== WORK REQUEST ==
Look below for the line that contains "14kt yellow gold" and the line that contains "Rund 70 Gäste", then restate both of them and every line in between, exactly. No picture goes in the copy.

== SOURCE DATA ==
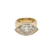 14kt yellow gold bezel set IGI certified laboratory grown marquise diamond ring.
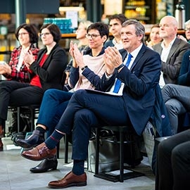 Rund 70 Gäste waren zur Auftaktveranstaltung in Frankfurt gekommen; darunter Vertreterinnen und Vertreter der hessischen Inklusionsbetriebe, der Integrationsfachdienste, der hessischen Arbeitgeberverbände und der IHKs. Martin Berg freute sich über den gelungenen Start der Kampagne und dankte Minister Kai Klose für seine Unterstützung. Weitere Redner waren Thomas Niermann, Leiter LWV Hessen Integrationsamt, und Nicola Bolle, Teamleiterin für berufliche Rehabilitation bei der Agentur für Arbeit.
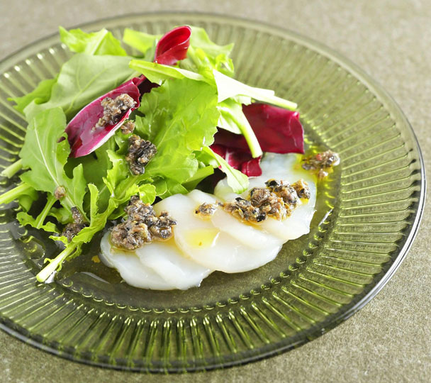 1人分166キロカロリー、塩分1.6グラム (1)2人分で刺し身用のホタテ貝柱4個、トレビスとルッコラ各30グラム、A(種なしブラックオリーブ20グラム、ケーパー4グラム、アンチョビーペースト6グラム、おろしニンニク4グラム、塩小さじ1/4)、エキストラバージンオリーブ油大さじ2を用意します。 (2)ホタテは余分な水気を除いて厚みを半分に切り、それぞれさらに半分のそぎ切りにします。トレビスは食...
* * *
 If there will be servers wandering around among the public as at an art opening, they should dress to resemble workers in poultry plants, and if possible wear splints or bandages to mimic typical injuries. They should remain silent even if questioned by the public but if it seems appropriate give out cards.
* * *
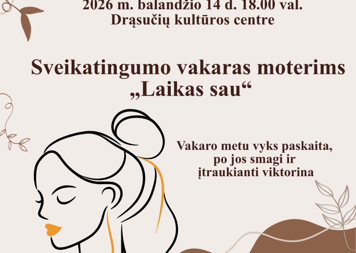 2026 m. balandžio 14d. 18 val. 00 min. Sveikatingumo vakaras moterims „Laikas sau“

== EXERCISE RESPONSE ==
 14kt yellow gold bezel set IGI certified laboratory grown marquise diamond ring.
 Rund 70 Gäste waren zur Auftaktveranstaltung in Frankfurt gekommen; darunter Vertreterinnen und Vertreter der hessischen Inklusionsbetriebe, der Integrationsfachdienste, der hessischen Arbeitgeberverbände und der IHKs. Martin Berg freute sich über den gelungenen Start der Kampagne und dankte Minister Kai Klose für seine Unterstützung. Weitere Redner waren Thomas Niermann, Leiter LWV Hessen Integrationsamt, und Nicola Bolle, Teamleiterin für berufliche Rehabilitation bei der Agentur für Arbeit.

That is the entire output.